東京都世田谷区の名門女子校「鴎友学園」では、「3日に1度」の頻度で席替えを行っている。なにが狙いなのか。44年間、女子教育に献身してきた吉野明名誉校長は「席替えを繰り返すことで、小さな集団でまとまらず、クラス全体が自然な形でまとまる。これは女子の集団の作り方にあっていると思う」と説く――。

※本稿は、吉野明『女の子の「自己肯定感」を高める育て方』(実務教育出版)のCHAPTER2「知っておきたい女の子の特性」の一部を再編集したものです。

なぜ3日に1度の席替えが、10代の女子にとって「安心できる環境」を生み出すのか――。※写真はイメージです(写真=iStock.com/recep-bg)

■生徒の「自己肯定感」をどう育てるか

「自分の自己肯定感が低いので、せめて娘は高い自己肯定感を持った子に育てたい」

最近、そのような話を耳にすることが多くなりました。自己肯定感とは、自分の存在を肯定し、大切にしようとする気持ちのことです。自己肯定感が仕事のパフォーマンスや人間関係に影響を及ぼすという理由で、その低さを気にする大人も多くなりました。

そしてそれ以上に、自己肯定感は現代の子育てにとって、最大のキーワードでもあります。子どもの自己肯定感を高く維持することができれば、子育ての最重要ポイントの一つは終わったと考えてもいいほど、将来にわたって大きな影響を与えると考えられているからです。冒頭のように思う親御さんが増えるのも無理はありません。

私は鴎友学園で教師として44年間勤める中で、生徒たちの自己肯定感を高めることがどんなに大切なことかを、とくにここ数年、痛切に感じてきました。思春期に親がどのように接するかで、お子さんの自己肯定感は大きく変化します。思春期がどのようなものかを知り、接し方をほんの少し変えることで、お子さんは確実に変わっていくのです。

日本の子どもの自己肯定感が総じて低いことは、公式の調査データからも明らかです。内閣府『平成26年版子ども・若者白書』では、「自分自身に満足している」と答えた日本の若者の割合は45.8%で、アメリカの若者の86%のおよそ半分という値に止まっています。また、年齢別に見ても、社会に出る20~24歳の値が37.4%と、著しく低くなっています。思春期の間に低下し続けた自己肯定感は、ちょうど就職する頃に最低となってしまうのです。

今の子どもたちは、世界の人々と当たり前のように協力して働いていかなければならない時代を生きていきます。
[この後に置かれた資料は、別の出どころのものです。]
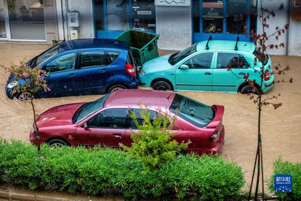 9月5日,在希臘中部城市沃洛斯,車(chē)輛被積水包圍。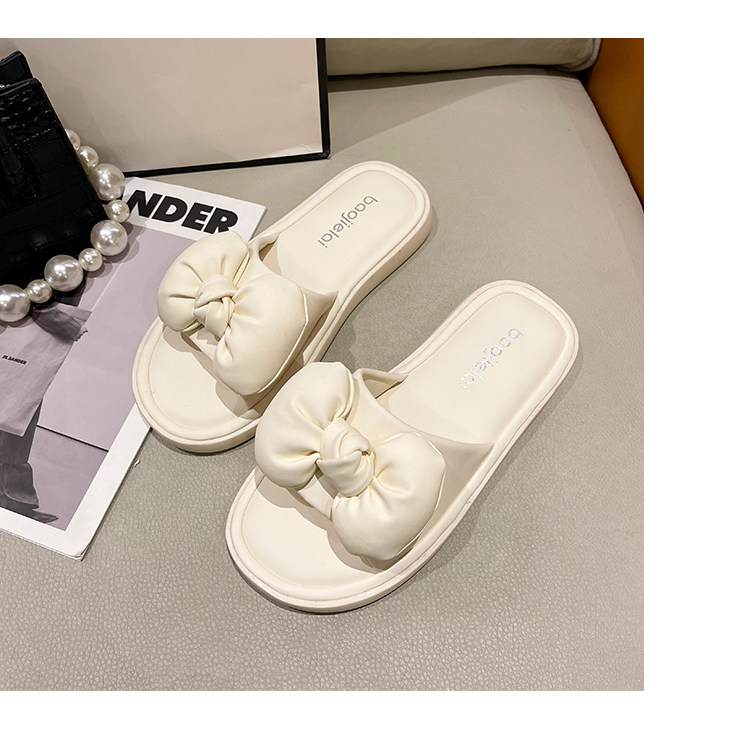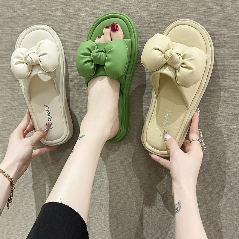 Тапочки с бантиком, универсальная летняя пляжная нескользящая обувь на плоской подошве, популярно в интернете

学問にしても仕事にしても、日本の中だけで完結することのほうが少なくなっていくでしょう。そのような時代に、自己肯定感の高い国の人々と同等以上にやっていくためには、自分のことを信じて、つまり自己肯定感を持って物怖じせずにチャンレンジしていく力が必要になります。私たち大人は、家庭であれ、学校であれ、そういった力をつける手助けをしていかなければなりません。

■女子はタテよりヨコの関係性が落ち着く

では、女の子の自己肯定感はどのようにすれば上げられるのでしょうか。それには女子ならではのコツがあります。

吉野 明(著)『女の子の「自己肯定感」を高める育て方:思春期の接し方が子どもの人生を左右する!』(実務教育出版)

例えば、男子と女子では集団のつくり方が全く違います。男子は子どもの頃からタテ社会の競争原理の中で生きています。ボスがいて、フォロワーがいて、パシリがいて、という数人から十数人の大きな集団をつくります。クラスメイトでなくても、それは同じです。一緒にゲームを楽しむ仲間同士でも、ゲームの腕や持っているアイテム数によって、自然とヒエラルキーができてくるものです。競争して、切磋琢磨していくタテ関係のほうが落ち着くのが男子です。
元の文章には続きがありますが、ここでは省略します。